Mais même si c’était difficile. Même si j’en arrachais. Même s’il fallait que je laisse mon orgueil dans le fond d’un tiroir. J’ai continué.
J’ai continué parce que j’aime l’énergie qui m’habite après une séance de jogging. J’ai continué parce que j’aime penser que chaque foulée que je fais me rapproche de l’image de la maman en santé que je veux donner à mes poulettes. J’ai continué parce que depuis je cours, je n’ai plus envie de piquer un somme à 14h au boulot. J’ai continué parce que je dors mieux. J’ai continué parce que mes SPM sont beaucoup moins déprimants.
J’ai continué parce que chaque jour, j’ai une raison pour me retrouver seule avec moi-même. Pour réfléchir à ma vie. Ou parce que je n’ai pas à penser à quelque chose justement.

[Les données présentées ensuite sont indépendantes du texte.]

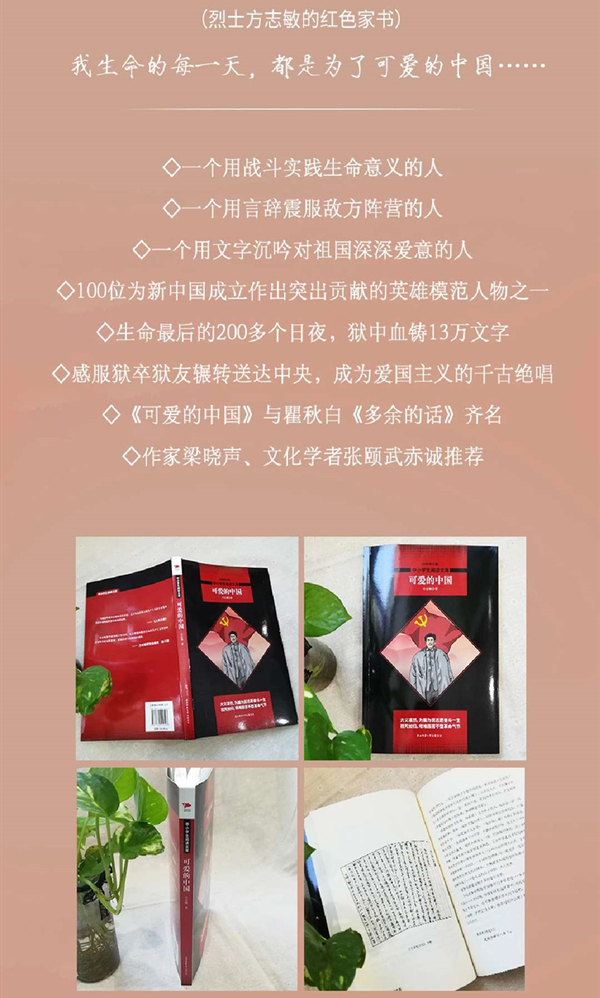 《可爱的中国》收录了方志敏烈士狱中完成的作品:《方志敏自述》《可爱的中国》《死》《清贫》《狱中纪实》《我从事革命斗争的略述》《在狱致全体同志书》《遗信》《记胡海、娄梦侠、谢名仁三同志的死》等。在国民党监狱中被囚禁约半年时间里,面对敌人的各种威逼和诱降,方志敏大义凛然,坚贞不屈,生命不息战斗不止,体现了共产党人的革命气节和崇高风范。文中洋溢着为国为民献身的爱国思想和爱国热情,表现出一个共产党员英勇无畏、视死如归的精神和意志。本书是对青少年和广大群众进行革命传统教育和爱国主义教育的不可多得的教材。
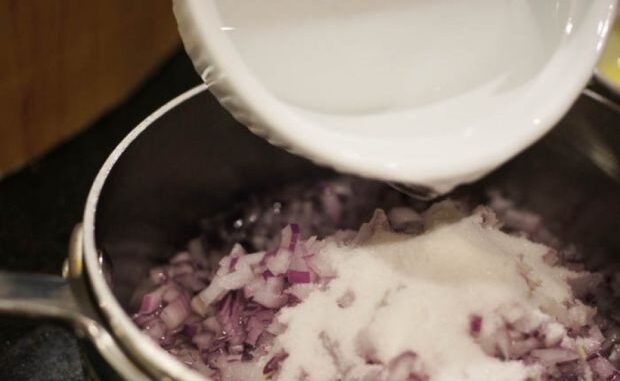 Šećer u metalnoj zdjeli umjereno zagrijavamo i miješamo dok ne porumeni, dodamo sitno isjeckani luk, kratko propržimo i dodamo vodu.
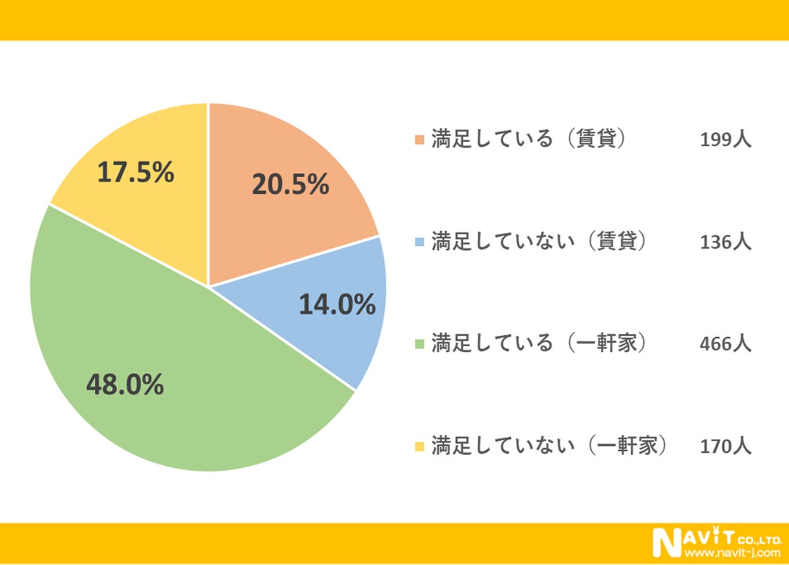 住んでいる物件への満足度についてのアンケートでは、「満足している(一軒家)」が最多で、約半数の48.0%を占めました。2番目に「満足している(賃貸)」で20.5%、3番目に「満足していない(一軒家)」で17.5%と続きます。一軒家と賃貸を合計すると、満足している人は60%以上を占めています。
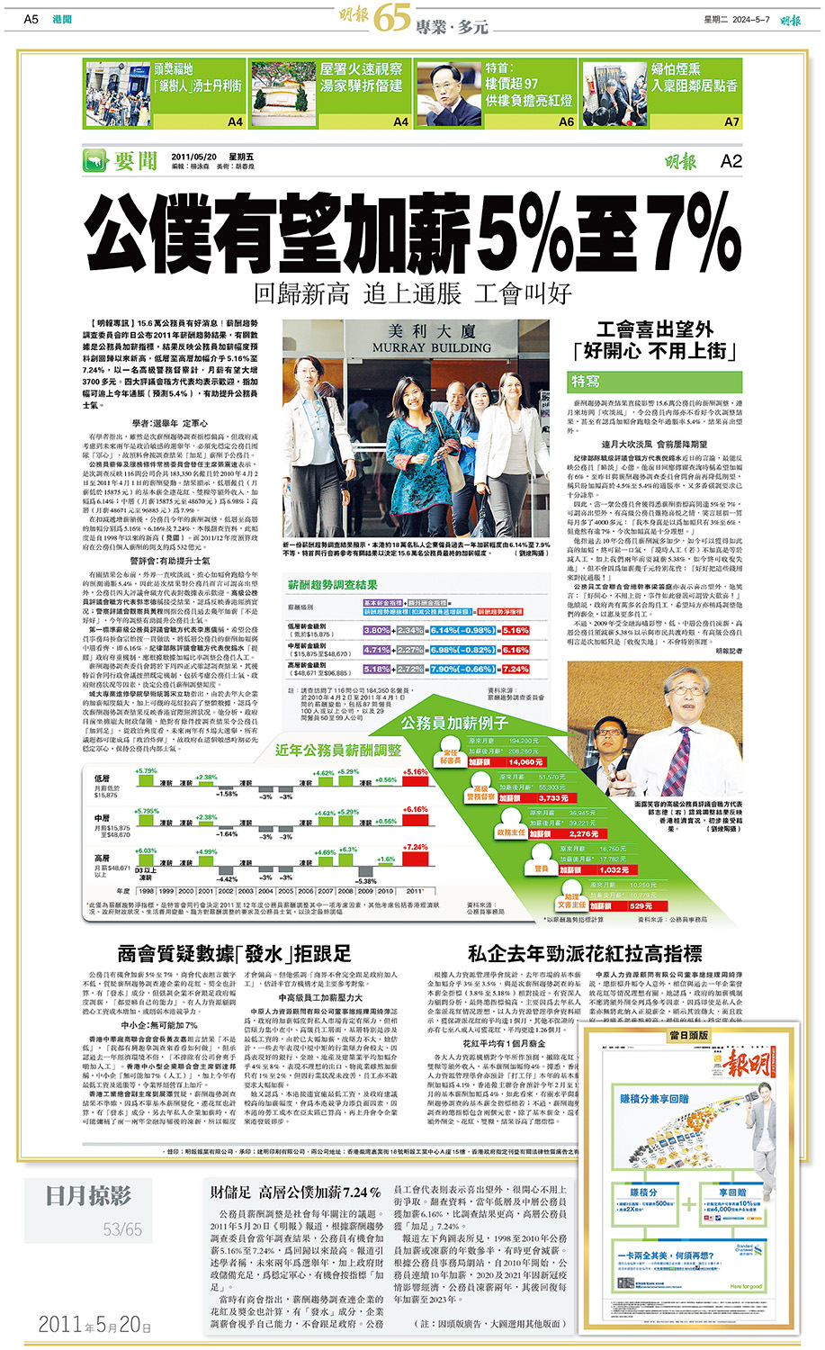 2011年5月20日:財儲足 高層公僕加薪7.24%
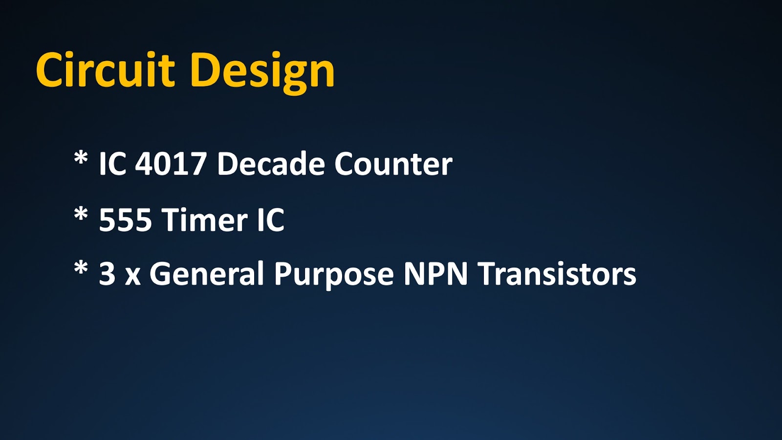 Lets start our discussion by assembling the circuit using IC 4017. IC 4017 is a 16 Pin Decade counter, it is used for low range counting applications. It can count from 0 to 10 (the decade count) sequentially in a pre-defined time and reset the count or hold it when required.
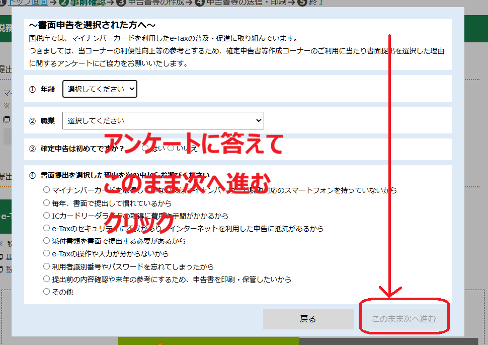 アンケートに答えなければ「このまま次へ進む」がクリックできません。
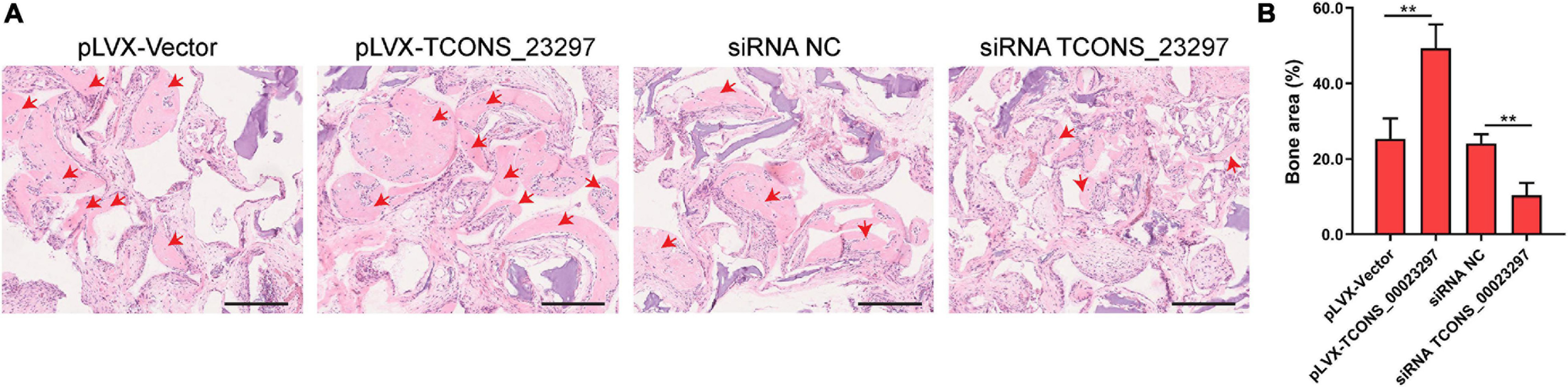 LncRNA TCONS_00023297 regulates osteogenesis in vivo. (A) H&E staining was used to detect new bone formation. The area indicated by the red arrow was new bone. Scale bar 200 μm (B) Quantitative analysis of new bone formation. “**”means P < 0.01.
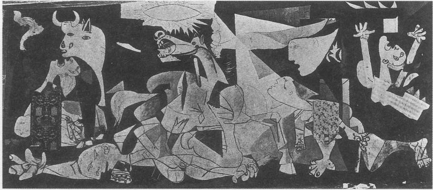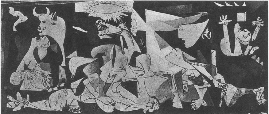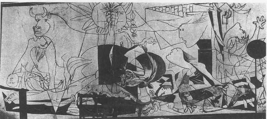 Образы «Герники» выглядят как светотеневые отражения реальности. Сама реальность, цветная и объемная, находится где-то впереди или позади картины и посылает на ее вытянутую по горизонтали поверхность мелькание отсветов и затемнений. В новоевропейской традиции монументальная живопись мыслилась чаще всего как прорыв в стене, открывающий доступ в иной мир — мир исторического прошлого, античной мифологии, средневековых легенд, библейских сказаний, в потусторонний мир божественного бытия. Арочный портал, обрамляющий фресковую композицию, символизировал связь веков и событий, переход от жизни здесь и теперь к бесконечности времени и пространства. Но что такое «прорыв в стене» в современном понимании? Проем окна или двери, так часто встречающийся в станковой живописи Пикассо, открывает лишь фрагмент близлежащего окружения. Ему же нужно было дать концентрированный образ события, свидетелем которого он не был, но о котором знал из сообщений радио и газет. В ту дотелевизионную пору наилучшей моделью «окна в мир» являлся киноэкран. В темноте кинозала, в кадрах хроники представали отблески далеких событий, их движущиеся светотеневые отображения. Художники того времени были очарованы способностью кинематографа к мгновенным перелетам в пространстве, к быстрым сменам ракурсов и планов. Пикассо также проявлял значительный интерес к кино как способу создания «живописного кинезиса» и в пятидесятых годах пытался реализовать его в собственных фильмах.
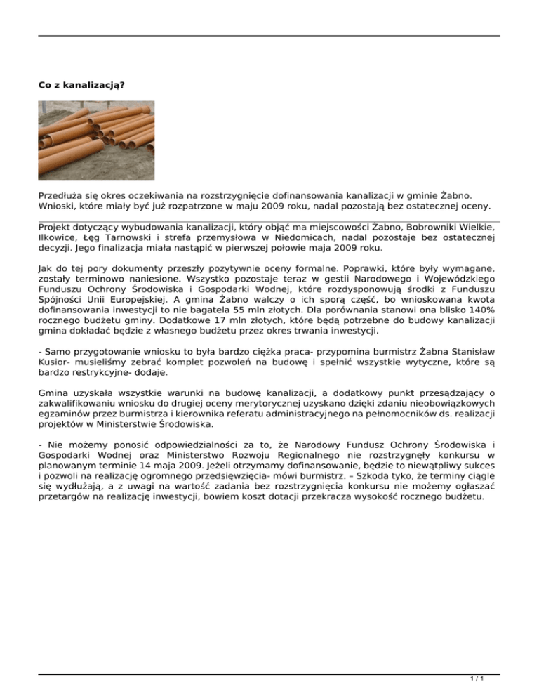 Co z kanalizacją? Przedłuża się okres oczekiwania na rozstrzygnięcie dofinansowania kanalizacji w gminie Żabno. Wnioski, które miały być już rozpatrzone w maju 2009 roku, nadal pozostają bez ostatecznej oceny. Projekt dotyczący wybudowania kanalizacji, który objąć ma miejscowości Żabno, Bobrowniki Wielkie, Ilkowice, Łęg Tarnowski i strefa przemysłowa w Niedomicach, nadal pozostaje bez ostatecznej decyzji. Jego finalizacja miała nastąpić w pierwszej połowie maja 2009 roku. Jak do tej pory dokumenty przeszły pozytywnie oceny formalne. Poprawki, które były wymagane, zostały terminowo naniesione. Wszystko pozostaje teraz w gestii Narodowego i Wojewódzkiego Funduszu Ochrony Środowiska i Gospodarki Wodnej, które rozdysponowują środki z Funduszu Spójności Unii Europejskiej. A gmina Żabno walczy o ich sporą część, bo wnioskowana kwota dofinansowania inwestycji to nie bagatela 55 mln złotych. Dla porównania stanowi ona blisko 140% rocznego budżetu gminy. Dodatkowe 17 mln złotych, które będą potrzebne do budowy kanalizacji gmina dokładać będzie z własnego budżetu przez okres trwania inwestycji. - Samo przygotowanie wniosku to była bardzo ciężka praca- przypomina burmistrz Żabna Stanisław Kusior- musieliśmy zebrać komplet pozwoleń na budowę i spełnić wszystkie wytyczne, które są bardzo restrykcyjne- dodaje. Gmina uzyskała wszystkie warunki na budowę kanalizacji, a dodatkowy punkt przesądzający o zakwalifikowaniu wniosku do drugiej oceny merytorycznej uzyskano dzięki zdaniu nieobowiązkowych egzaminów przez burmistrza i kierownika referatu administracyjnego na pełnomocników ds. realizacji projektów w Ministerstwie Środowiska. - Nie możemy ponosić odpowiedzialności za to, że Narodowy Fundusz Ochrony Środowiska i Gospodarki Wodnej oraz Ministerstwo Rozwoju Regionalnego nie rozstrzygnęły konkursu w planowanym terminie 14 maja 2009. Jeżeli otrzymamy dofinansowanie, będzie to niewątpliwy sukces i pozwoli na realizację ogromnego przedsięwzięcia- mówi burmistrz. – Szkoda tyko, że terminy ciągle się wydłużają, a z uwagi na wartość zadania bez rozstrzygnięcia konkursu nie możemy ogłaszać przetargów na realizację inwestycji, bowiem koszt dotacji przekracza wysokość rocznego budżetu. 1/1 Powered by TCPDF (www.tcpdf.org)
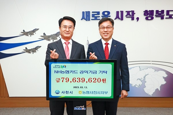 NH농협 사천시지부는 13일 사천시청을 방문해 지난해 제휴카드 사용에 따른 포인트 적립기금 7964만 원을 박동식 시장에게 전달했다.
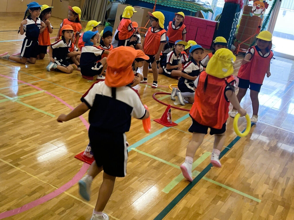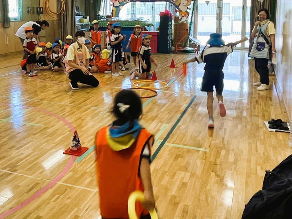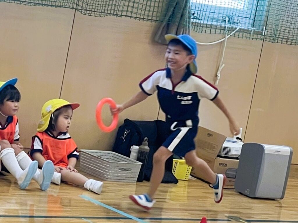 走るお友だちは全力でバトンをつなぎ、応援するお友だちは走るお友だちの力を後押しする声を出す。係にまわるお友だちは用具やスタート位置の準備をてきぱきと。

Et vous savez quoi? Je pousse même plus loin l’exercice. Le 26 septembre prochain, avec des collègues de La Tribune, je participerai à une course à relais autour du lac Memphrémagog. Ce sont plus de 18 km que je dois franchir. Une occasion de dépassement personnel, mais aussi une façon d’amasser des sous pour aider des jeunes défavorisés de la Commission scolaire des Sommets.
Vous avez envie que je cours pour vous? N’hésitez pas à me faire parvenir un chèque (fait à l’ordre de Ambulances de l’Estrie avec mention «Courir pour mieux grandir» au 1950, rue Roy, Sherbrooke, J1K 2X8). Pour chaque dollar reçu, je courrai une minute en pensant à vous.